Studio album by The Choir
- Released: March 1993
- Recorded: 1990, 1992
- Studios: Neverland Studios, Cerritos, California; Pakaderm Studios, Los Alamitos, California; Fingerprint Recorders, Montrose, California;
- Genre: Alternative rock
- Length: 32:33
- Labels: Independent release (1993); Galaxy21 (2018);
- Producers: Derri Daugherty; Steve Hindalong;

The Choir chronology
| Circle Slide (1990) | Kissers and Killers (1993) | Speckled Bird (1994) |

= Kissers and Killers =

Kissers and Killers is the seventh studio release, and the sixth full-length studio album, from alternative rock band the Choir, released in 1993. It was their first release after leaving Myrrh Records, and according to drummer and lyricist Steve Hindalong, represented a major turning point for the band: "We went independent after this, and never were on a label where there were expectations of any kind of a 'ministry' or anything like that."

==Background==
After the tour for Circle Slide was completed, the Choir and Myrrh Records parted ways, and the band fractured, with individual members pursuing other creative opportunities. Hindalong began producing other artists, including the Prayer Chain and Ric Alba, former bass guitarist for the Altar Boys. Saxophone and Lyricon player Dan Michaels recorded his solo EP Reveal, then began playing sax on tour for mainstream contemporary Christian performers Bryan Duncan and Crystal Lewis. Lead singer and guitarist Derri Daugherty co-founded the Lost Dogs, a "supergroup" of lead singers from the foremost Christian alternative rock bands: Daugherty from the Choir, Terry Taylor from Daniel Amos, Michael Roe from the 77's and Gene Eugene from Adam Again. The group's first album, Scenic Routes, was released in 1992.

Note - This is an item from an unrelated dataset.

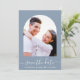 Save The Date Élégant Script Arch Photo Dusty Blue Mariage
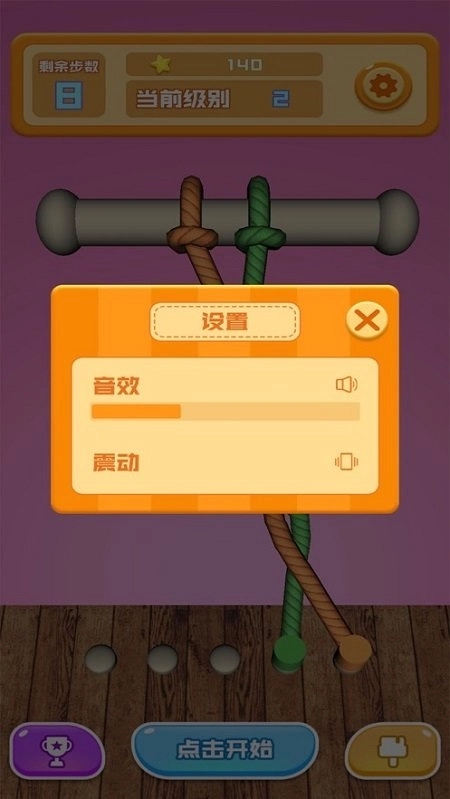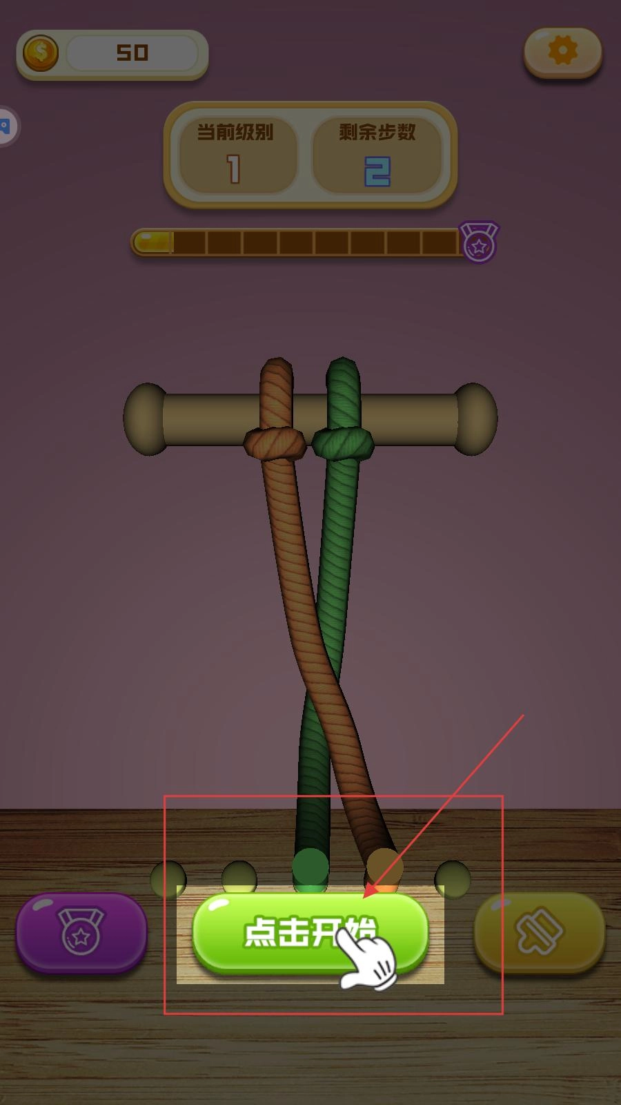玩家进入游戏后,点击绿色的【点击开始】按钮,即可开启解绳关卡的挑战。

Although the Choir had consistently voiced their frustrations over lack of Christian radio play and mainstream distribution, the band was still perceived as "leaders in the expanding Christian alternative scene." As a result, Myrrh's parent company, Word Records, came to Daugherty and offered him a production deal and a new label, as Word was trying to bolster its roster of modern artists. "I remember thinking that as far as we’d come, we should either do this label together or the band would probably fall apart," Daugherty said. Glasshouse Records was founded, and would release projects from Alba, the Throes, John Austin and blues artist Reverend Dan Smith.

One of the most significant projects the Choir worked on during this period was At the Foot of the Cross, Volume One: Clouds, Rain, Fire, which was arguably the first "modern worship" album, a concept that would later become popular in Christian music throughout the 2000s. Although the album featured such notable contributors as Phil Keaggy, Bob Bennett, Buddy and Julie Miller and Michael Knott, the album sold poorly, likely due to the Choir's dogged artistic commitment: "'Beautiful Scandalous Night' […] is a Christian radio song if we’ve ever written one," Hindalong said. "And it's sincere and from the heart; nothing phony about it. And we could have brought it home, production-wise. But no, we had to put that backwards guitar loop in there, and get a good backbeat on the snare." This proved costly, and the album quickly went out of print.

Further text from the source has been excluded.